*** Begin section ***

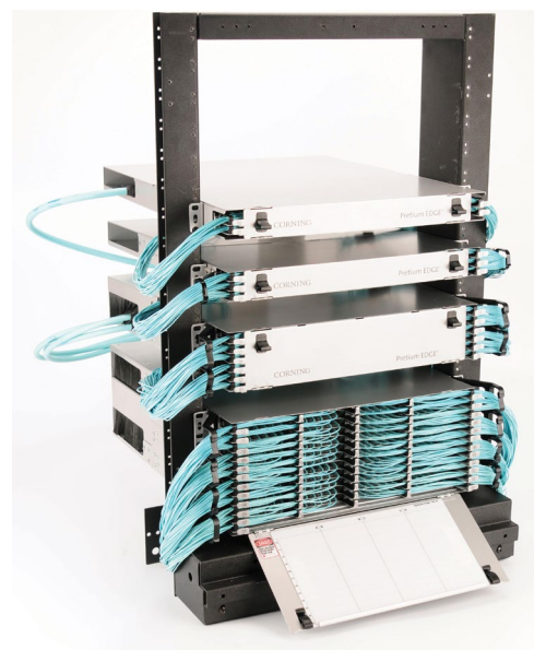
LANscape® Pretium EDGE® solution

> FOR MORE DETAILS VISIT ANIXTER.COM/SHOPCORNING/APAC
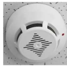
Fire / smoke detection
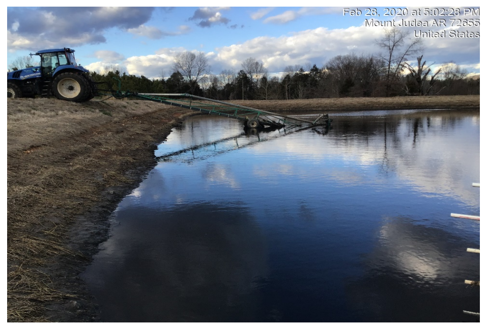
Photograph 18: Removal of liquid waste from Pond 2 continued.
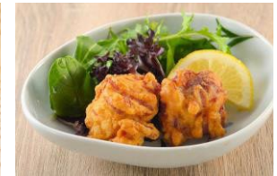
KARA-AGE 2pcs (MILD or SPICY) 唐揚げ 2ピース (ノーマルorスパイシー) $6.50-
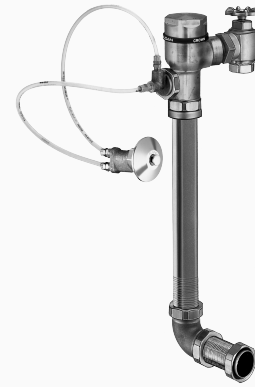
Variation Not Shown: Metal Button Fixture Wall Actuator
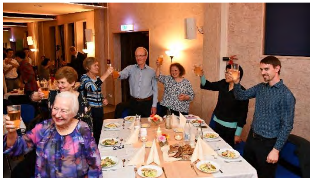
Cheers!!! All enjoying a marvelous banquet!
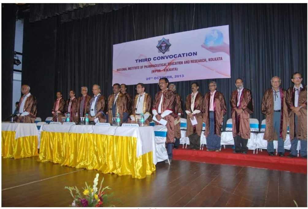
On the dais
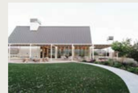
Fall at the Miller House
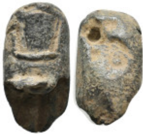
2362 ANCIENT ROMAN BRONZE OBJECT. 20.17 Gr. 30 mm. 5
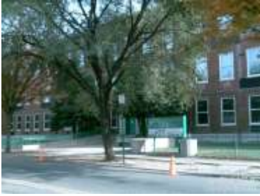
Carver Elementary School

1930. The oldest section of the building was the north block, which was razed in 1969 and replaced with a new structure. Snowden Ashford (1866-1927), who was most proud of his work designing, maintaining and inspecting DC schools, served as one of the architects.
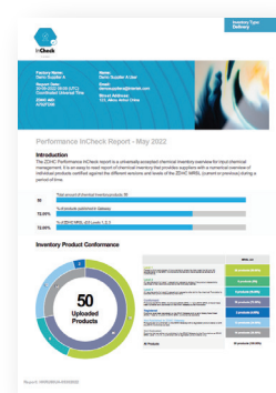
ZDHC Performance InCheck Report

Intertek is capable of performing Verified InCheck Level 1 to review the overall completeness and accuracy of the chemical products in a supplier's chemical inventory against those published in the ZDHC Gateway – Chemical Module. This enhances confidence in the Performance InCheck Reports generated by a supplier.

*** End section ***

- _ACTIVITY_
Please restate, word for word, the lines from the one with "Photograph 18: Removal" through the final line of the material, both included, and omit the pictures.

- _THE ANSWER_
Photograph 18: Removal of liquid waste from Pond 2 continued.
KARA-AGE 2pcs (MILD or SPICY) 唐揚げ 2ピース (ノーマルorスパイシー) $6.50-
Variation Not Shown: Metal Button Fixture Wall Actuator
Cheers!!! All enjoying a marvelous banquet!
On the dais
Fall at the Miller House
2362 ANCIENT ROMAN BRONZE OBJECT. 20.17 Gr. 30 mm. 5
Carver Elementary School

1930. The oldest section of the building was the north block, which was razed in 1969 and replaced with a new structure. Snowden Ashford (1866-1927), who was most proud of his work designing, maintaining and inspecting DC schools, served as one of the architects.
ZDHC Performance InCheck Report

Intertek is capable of performing Verified InCheck Level 1 to review the overall completeness and accuracy of the chemical products in a supplier's chemical inventory against those published in the ZDHC Gateway – Chemical Module. This enhances confidence in the Performance InCheck Reports generated by a supplier.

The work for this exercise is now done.